START Supplied records
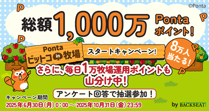 BACKSEAT暗号資産交換業(以下、BACKSEAT)とロイヤリティ マーケティング(LM)は、2025年6月30日、Pontaポイントを活用した暗号資産(仮想通貨)運用体験サービス「Pontaビットコin牧場」の提供を開始した。また、同サービスの開始を記念し、総額1,000万円相当のPontaポイントをプレゼントするキャンペーンを実施する。
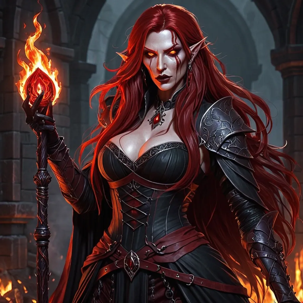 Create an image of a dnd character. Here is a listing of her traits: 1. Female 2. Half human/half eladrin elf 3. Rogue thief and assassin 4. Recently picked up a multiclass into warlock as well 5. Warlock subclass is Pact with Genie , specifically a Djinni (air) of the Genie options 6. She is an outstanding thief with a complicated and difficult background 7. She is mischievous , playful , black-bellied , sly , and very charismatic and charming and it tends to show up on her face with a playful look. She has large eyes that are tinged with black and rose colour 9. Delicate features 10. Her hair is waist length and is an ombre of black to rose quartz 11. She should be wearing a typical thief Rogue looking outfit , like black clothes , scarf and cloak , clothing that is comfortable and easy to move around and go silently and unseen in the dark ,
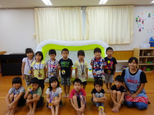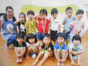 夏の暑さを忘れてしまいそうな、お天気でしたが今日はプール閉めでした。幼児クラス中心に行いました。本来ならプールで一人ひとりの泳ぎを披露する予定でしたがそれも出来ず・・・しかし室内にボールプールを用意して泳ぎを披露!!目標を発表し、泳ぎを披露、園長先生からメダルを首にかけてもらい、嬉しそうな子、照れてしまう子、表情は様々でした。そして、みんなでカルピスを飲みました。
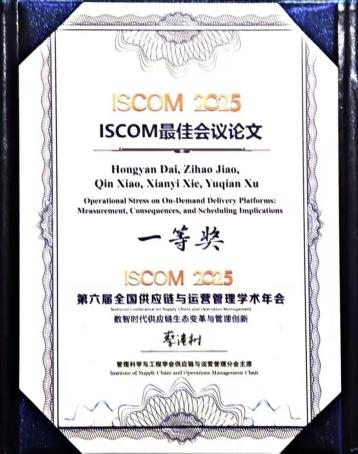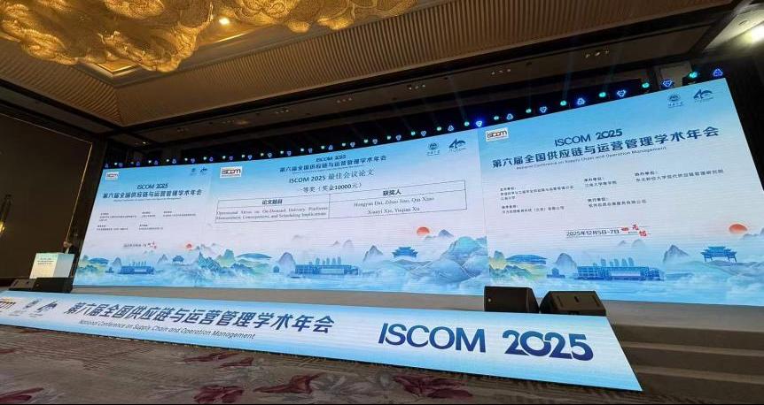 2025年12月6日至7日,第六届全国供应链与运营管理学术年会(ISCOM 2025)在江苏无锡举行。本届年会以“数智时代供应链生态变革与管理创新”为主题,吸引了来自全国众多高校、科研机构及行业企业的专家学者参会交流。我校bv伟德国际1946教授代宏砚教授与北京工商大学焦子豪副教授、研究生谢先一、江西财经大学肖沁助理教授、北卡罗来纳大学教堂山分校徐雨茜长聘副教授的合作论文“Operational Stress on On-Demand Delivery Platform Management, Consequences, and Scheduling Implications”获得ISCOM2025最佳会议论文一等奖。
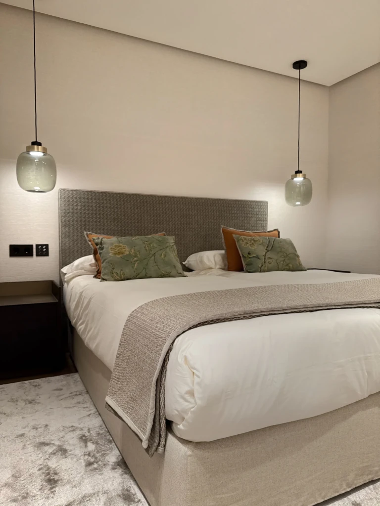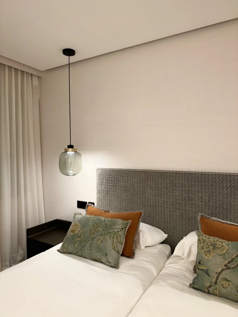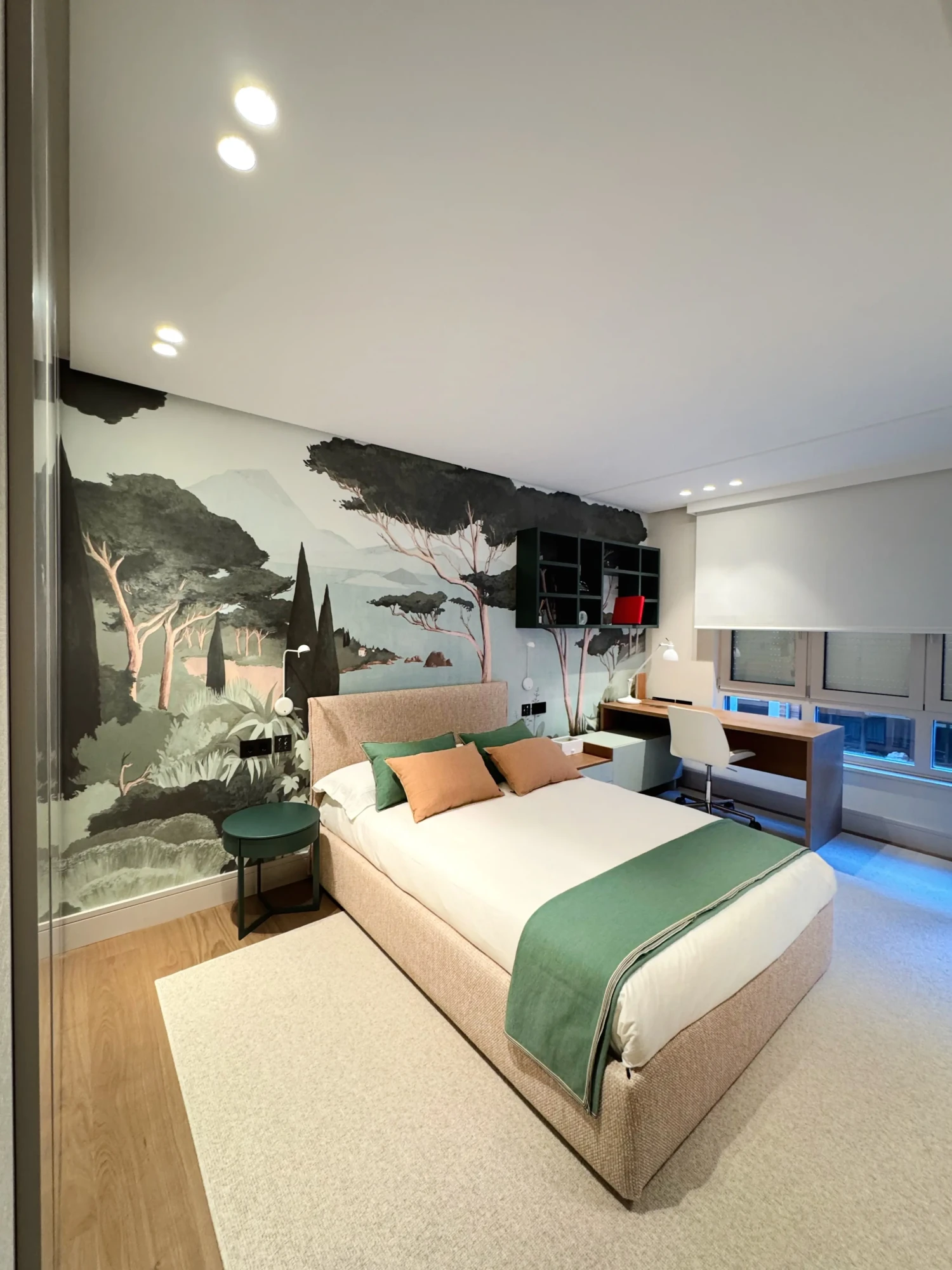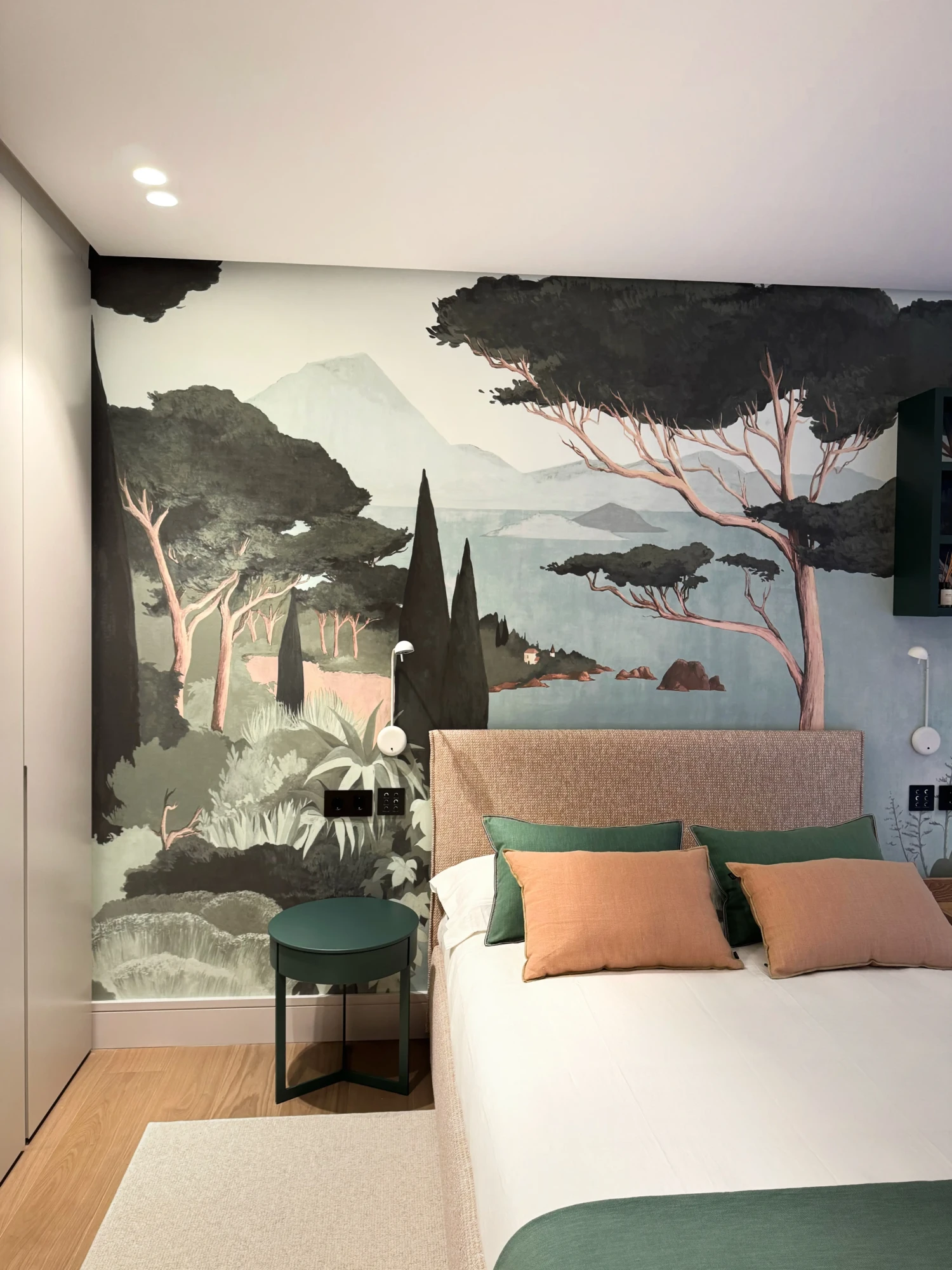El primer dormitorio, se viste con tonos rosa empolvado y verdes, destacando el mural del cabecero que aporta un ambiente cálido y delicado.
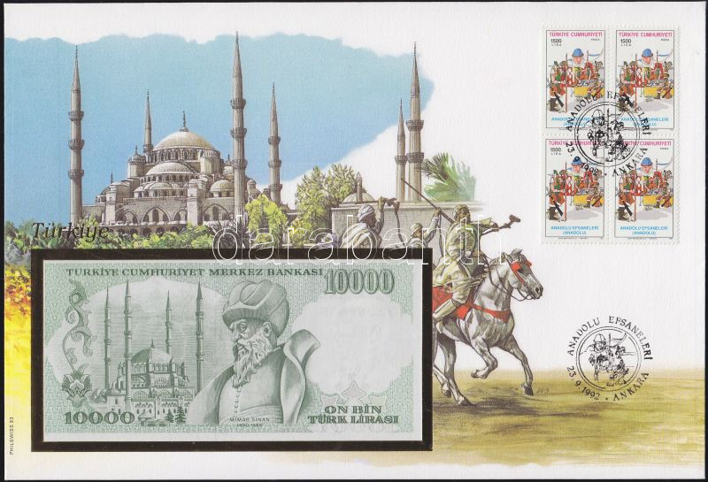 Törökország 1970. 10000L dekoratív, nagyalakú bélyeges, bankjegyes borítékon T:I
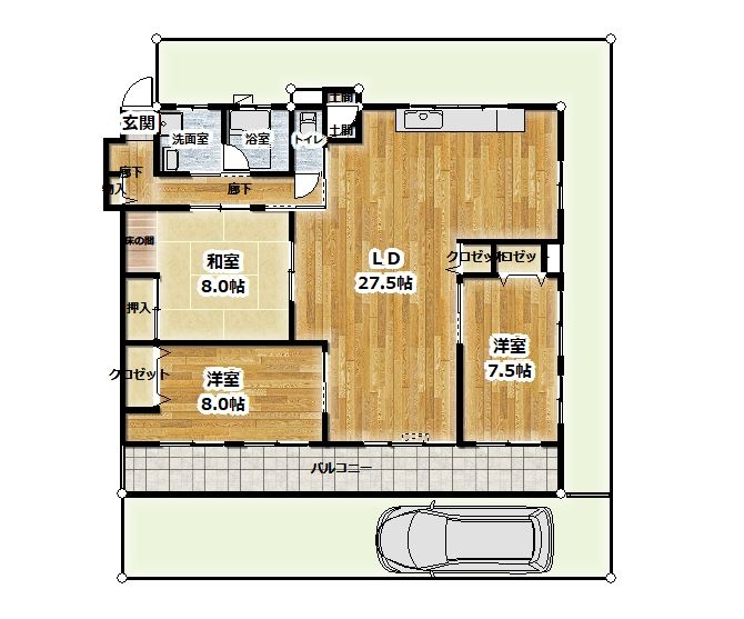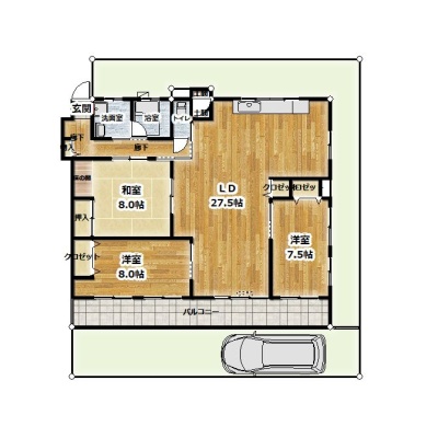 3LDK(98.72m²)└ LDK27.5帖 洋室8帖 洋室7.5帖 和室8帖
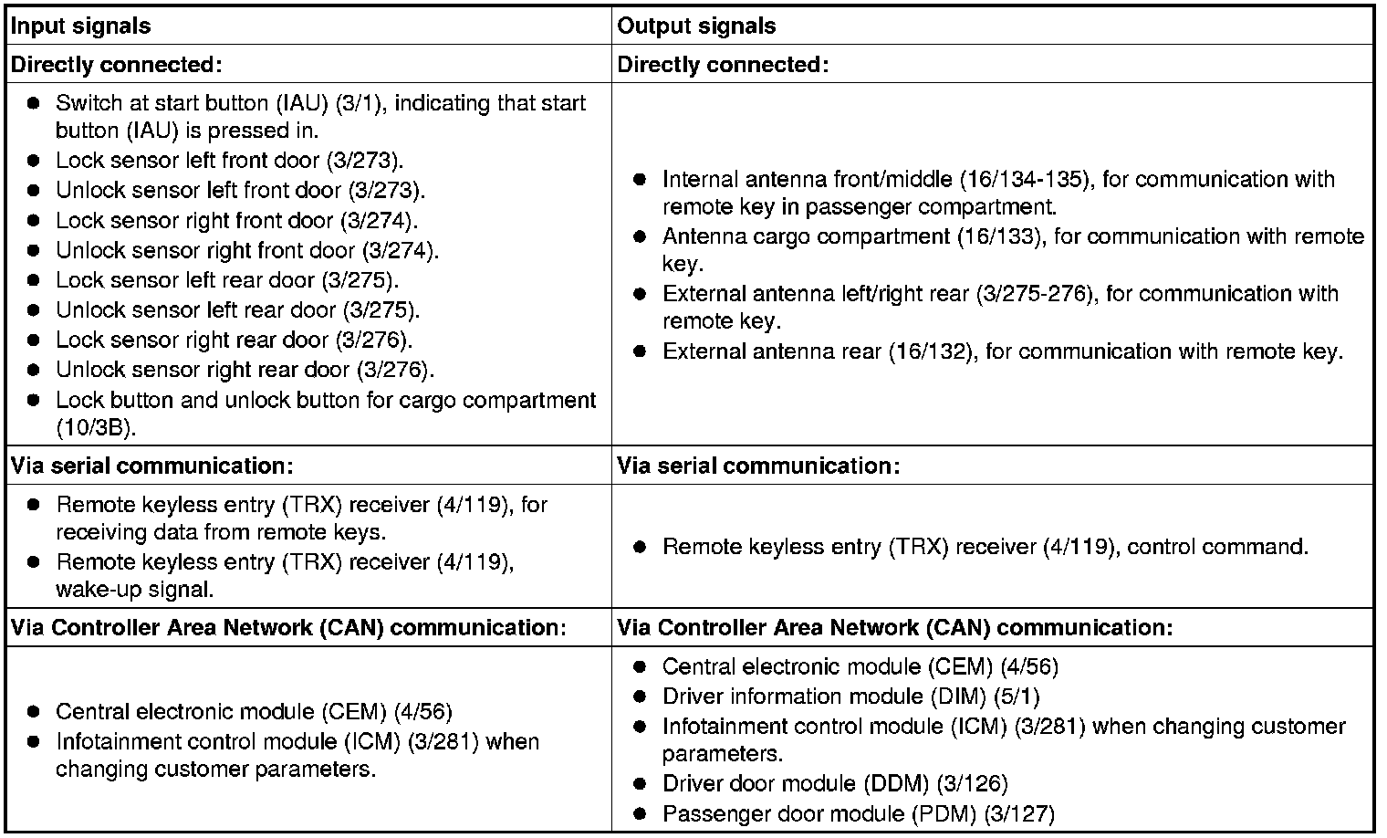The table below summarizes the input signals to and output signals from the keyless vehicle module (KVM). The signal types are divided into directly connected signals, serial communication and controller area network (CAN) communication. The illustration below displays the same information with the Volvo component designations.
END Supplied records
**Work order:** Copy verbatim the span that begins at the line containing "Törökország 1970. 10000L" and ends at the last line of the material, inclusive of both; exclude pictures.

**Task response:**
 Törökország 1970. 10000L dekoratív, nagyalakú bélyeges, bankjegyes borítékon T:I
 3LDK(98.72m²)└ LDK27.5帖 洋室8帖 洋室7.5帖 和室8帖
The table below summarizes the input signals to and output signals from the keyless vehicle module (KVM). The signal types are divided into directly connected signals, serial communication and controller area network (CAN) communication. The illustration below displays the same information with the Volvo component designations.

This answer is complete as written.